Safeguard, sifatnya sementara Jika suatu negara diserbu oleh masuknya barang-barang dari luar negeri dalam jumlah besar sehingga bisa menghancurkan (injury) industri tersebut, maka pemerintah bisa membatasi jumlah impor yang masuk. Tapi inipun harus dibuktikan dahulu bahwa telah terjadi injury dan sifat perlindungannya juga sementara.

Rules of origin, sekarang ini ada banyak perusahaan asing yang melakukan penanaman modal di Cina. Mereka banyak impor komponen dari negeri asalnya dan merakitnya di Cina. Ketentuan kandungan lokal dalam ACFTA adalah sekurang-kurangnya 40%. Tapi perusahaan-perusahaan asing ini bisa mengurangi impor bahan/komponen ini dan lebih banyak pakai produk China supaya bisa diekspor ke negara-negara lain.
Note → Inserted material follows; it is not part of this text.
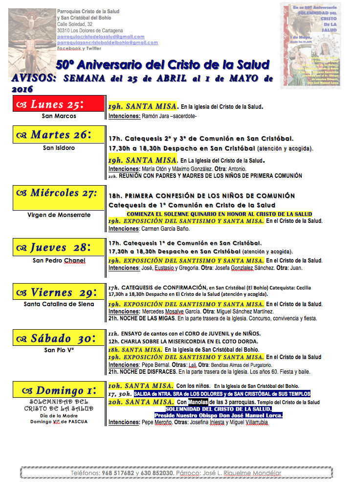 Avisos de la programación y actividad de las parroquias del Cristo de la Salud de Los Dolores y de San Cristóbal, en la barriada del mismo nombre, para esta semana del 25 de abril al uno de mayo de 2016.

Batasan kandungan lokal ini juga tidak terlalu menghambat, karena masih memungkinkan kandungan asing hingga maksimal 60%. (Kementerian Perdagangan) Paling tidak untuk sementara waktu bisa sedikit menahan masuknya barang-barang dari Cina.
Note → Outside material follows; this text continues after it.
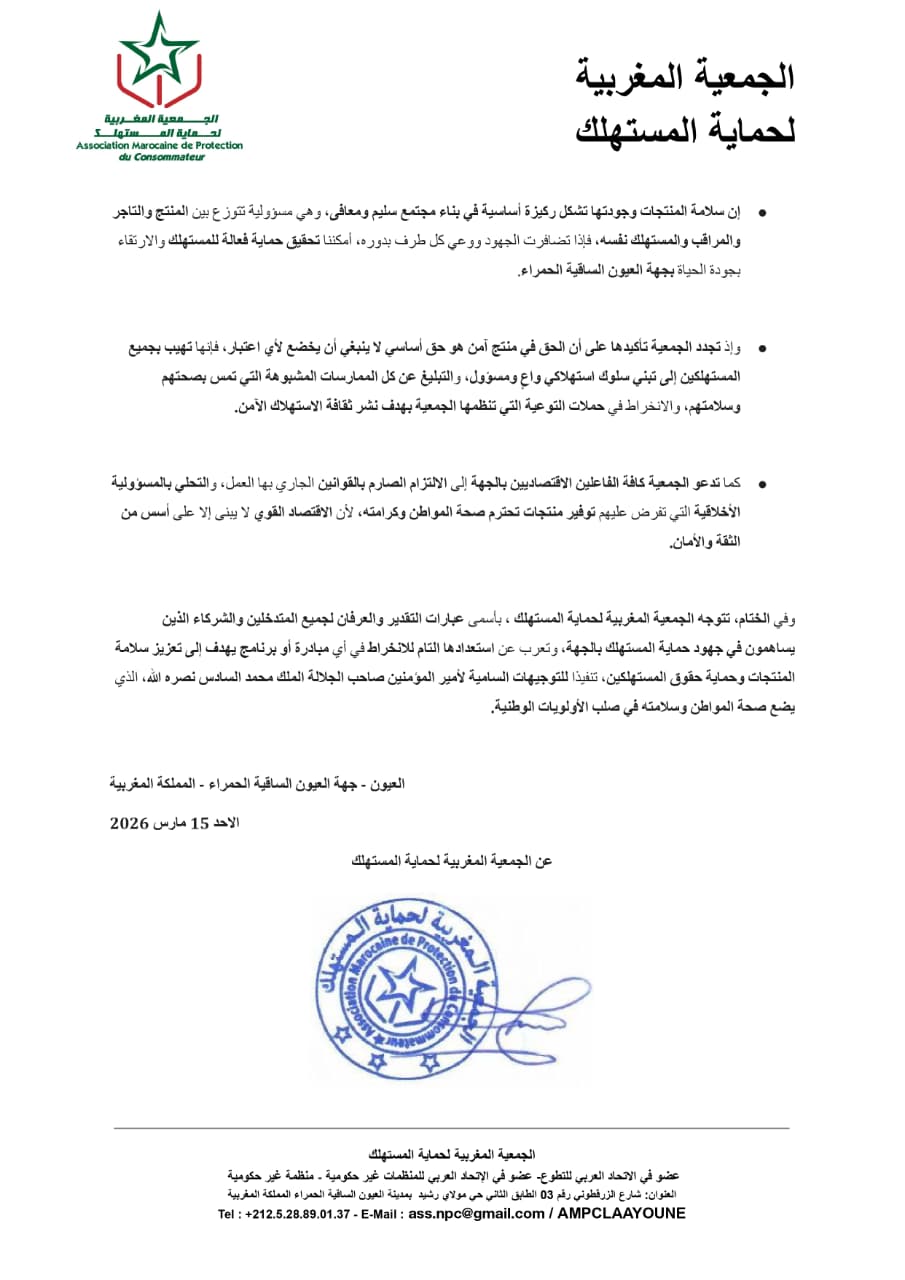 وفي ختام بيانها، جدّدت الجمعيّة المغربية لحماية المستهلك تقديرها لكل الجهات والمؤسّسات التي تسهم في تعزيز حماية المستهلك، مؤكّدةً استعدادها لمواصلة الانخراط في المبادرات والبرامج الهادفة إلى نشر ثقافة الاستهلاك الآمن وترسيخ حماية حقوق المستهلك، تنفيذًا للتّوجيهات السّامية لصاحب الجلالة الملك محمد السادس، التي تجعل صحّة المواطن وسلامته ضمن أولويّات العمل الوطني.

Manfaatkan persyaratan halal. Manfaatkan persyaratan kesehatan. Mengupayakan laju inflasi yang rendah dengan nilai tukar yang stabil. Bila laju inflasi tinggi, maka harga barangbarang buatan Indonesia akan naik. Jangan membiarkan nilai tukar Rupiah terhadap valuta asing terlalu cepat menguat, karena ini akan membuat harga produk Indonesia dalam mata uang asing semakin tinggi. Ini dimungkinkan karena Indonesia pada kenyataannya menerapkan sistimmanaged floating, apalagi meningkatnya cadangan devisa kita akhir-akhir ini disebabkan oleh besarnya arus masuknya penanaman modal porto folio bukan karena ekspor sector riil.
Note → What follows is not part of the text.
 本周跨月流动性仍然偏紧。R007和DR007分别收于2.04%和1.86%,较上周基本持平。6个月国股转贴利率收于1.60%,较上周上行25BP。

Meningkatkan efisiensi dan daya saing produk Indonesia dengan antara lain membangun infrastruktur. Ini membutuhkan waktu yang lama sementara persaingan tajam sudah dimulai. Anjuran beberapa pihak di Indonesia untuk menurunkan suku bunga atau meningkatkan efisiensi dan daya saing adalah baik-baik saja, karena ini sangat diperlukan untuk menghadapi para pesaing kita siapun dia. Ini adalah resep umum kalau Indonesia mengadakan FTA dengan India, Eropa, Jepang, Amerika, Afrika Selatan, dsb. Tetapi dalam menghadapi persaingan dari Cina, tetap saja Cina tidak bisa dilawan, karena harga barang-barangnya sangat rendah. Semua negara di dunia sudah kewalahan menghadapi persaingan dari Cina. Pertanyaan yang juga penting adalah apakah dominasi produk Cina sifatnya jangka pendek atau jangka panjang. Kemungkinan dominasi produk masih akan berlangsung cukup lama dalam jangka menengah antara 5 hingga 10 tahun. Dalam jangka panjang negara-negara anggota ASEAN baru bisa memetik keuntungan dari FTA ini, tetapi sementara itu sudah banyak perusahaan dalam negeri yang bangkrut (bandingkan Thangavelu). Jadi ACFTA benarbenar merupakan ancaman yang serius bagi Indonesia.